Johnsville Centrifuge and Science Museum

780 Fallon Circle
Warminster, PA 18974


The mission of the Johnsville Centrifuge and Science Museum is to provide a world class educational and entertainment environment for the study of aerospace sciences where learning is an inspirational experience.

The museum is dedicated to preserving the Johnsville Centrifuge and its contribution to the US Space Program as well as the memory of the Naval Air Development Center, Johnsville where the US Navy’s research laboratories helped win the Cold War.

The museum building, also known as the Dynamic Flight Simulator Building, Human Centrifuge Building, or Building 70, is a remnant of the former Naval Air Warfare Center (NAWC) Warminster which closed in 1996.

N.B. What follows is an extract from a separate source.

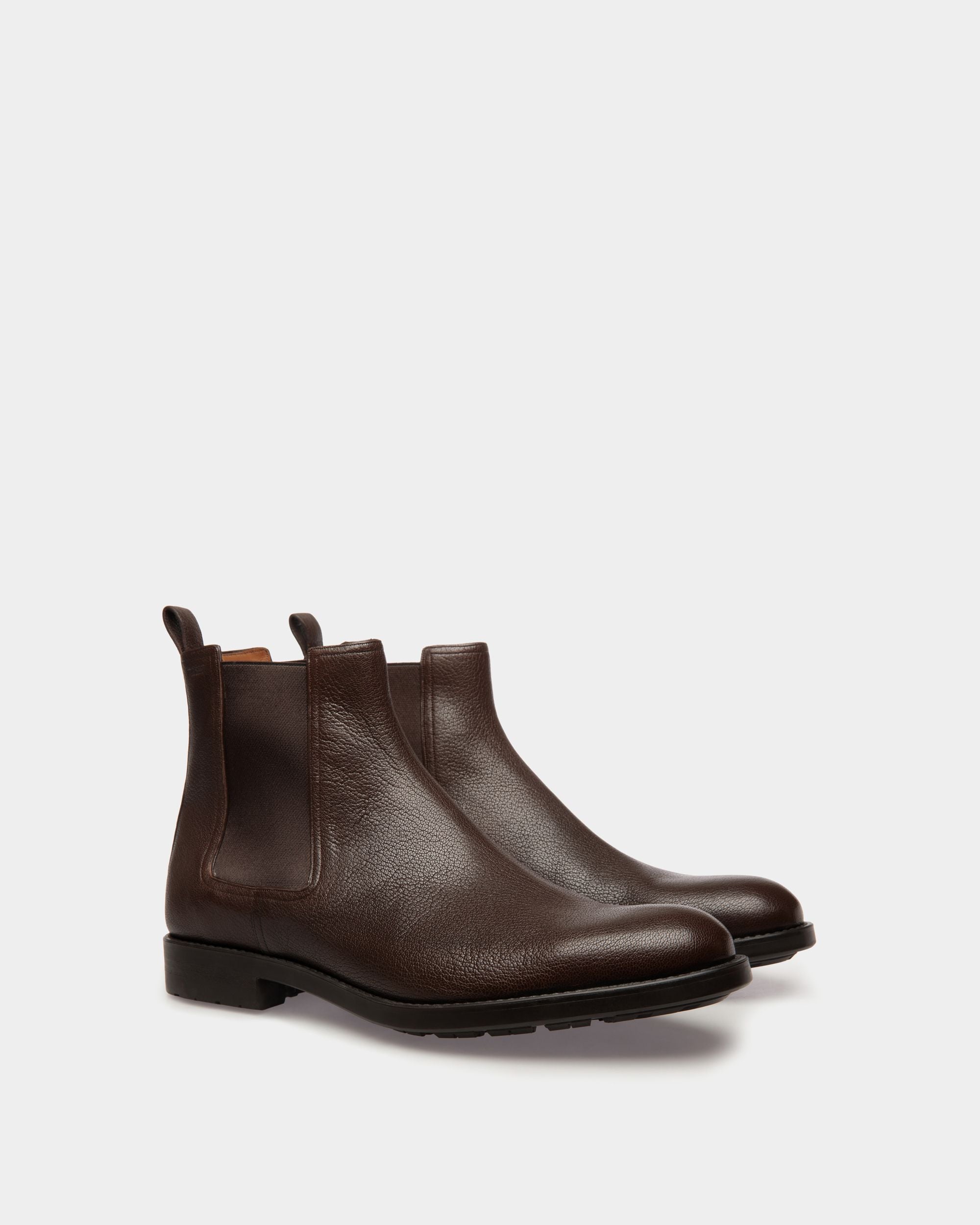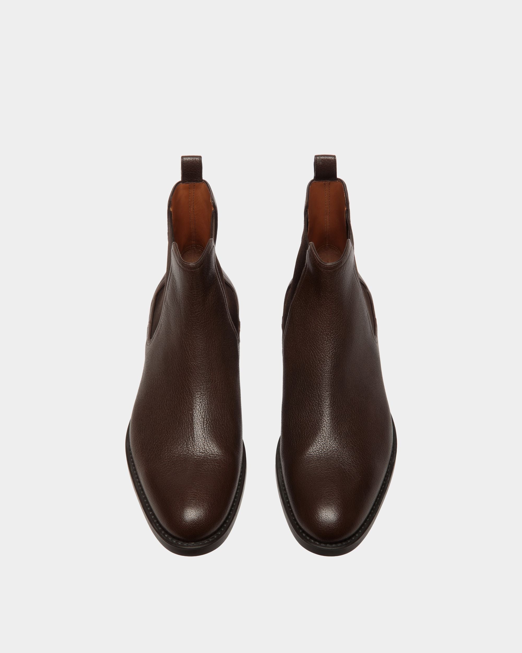 These Chelsea boots are made from grained leather. They feature the classic elasticated side panels and a pull tab at the back.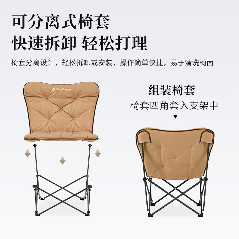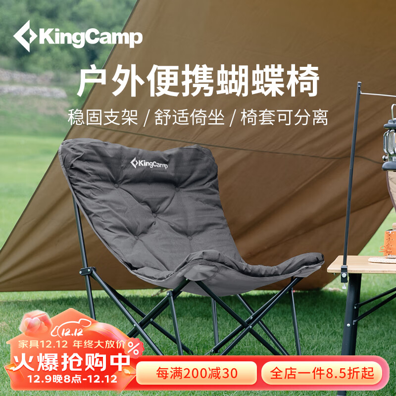 KingCamp折叠椅蝴蝶椅夹棉椅懒人椅沙发椅家用阳台休闲椅子KC2224灰色价格:349.00元!

The site began as farmland acquired by the Brewster Aircraft Company in 1939. By 1941 a factory was in operation on the site building their legacy Buffalo Fighters and Buccaneer Dive Bombers intended for use by the Navy during WWII. The Navy later seized operation of the company after Brewster experienced difficulties with production. When problems continued, the Navy acquired the property outright and converted it for use by the Naval Aircraft Modification Unit (NAMU) a division of the Naval Aircraft Factory. When the war ended the production shops were converted to research laboratories studying pilotless aircraft, electronics, and weapons, and the Naval Air Station Johnsville (NADS) was born.

Over the ensuing years, changes in association with addition of new missions resulted in renaming the site to the Naval Air Development Center (NADC) Johnsville and eventually to the Naval Air Warfare Center (NAWC) Warminster. More than 31 laboratories would call Warminster home including those studying navigation, submarine detection, aerospace materials, aircraft structures, pilot’s equipment, computers, airborne photography and aircraft instrumentation, etc…

Construction of the human centrifuge building began in 1947 was complete by 1949 and initiated operations to research the limits of human tolerance for “G” forces. By the late 1950s it was in use to train astronauts for the US Space Program. It continued to operate for a variety of projects under Navy control until 1996 then under contract until 2004 when operations ceased altogether.

After the closure of the base and disposition of its assets, the building was sold for private development. Extensive work, including planning for the removal of the centrifuge, was undertaken to convert the building to commercial office space. While under renovation new plans were developed to use portions of the space for a museum and renovations were halted in those areas pending further study.

The museum was formally created in July 2008 with the establishment of The Johnsville Centrifuge and Science Museum Inc. to provide governance, funding and oversight.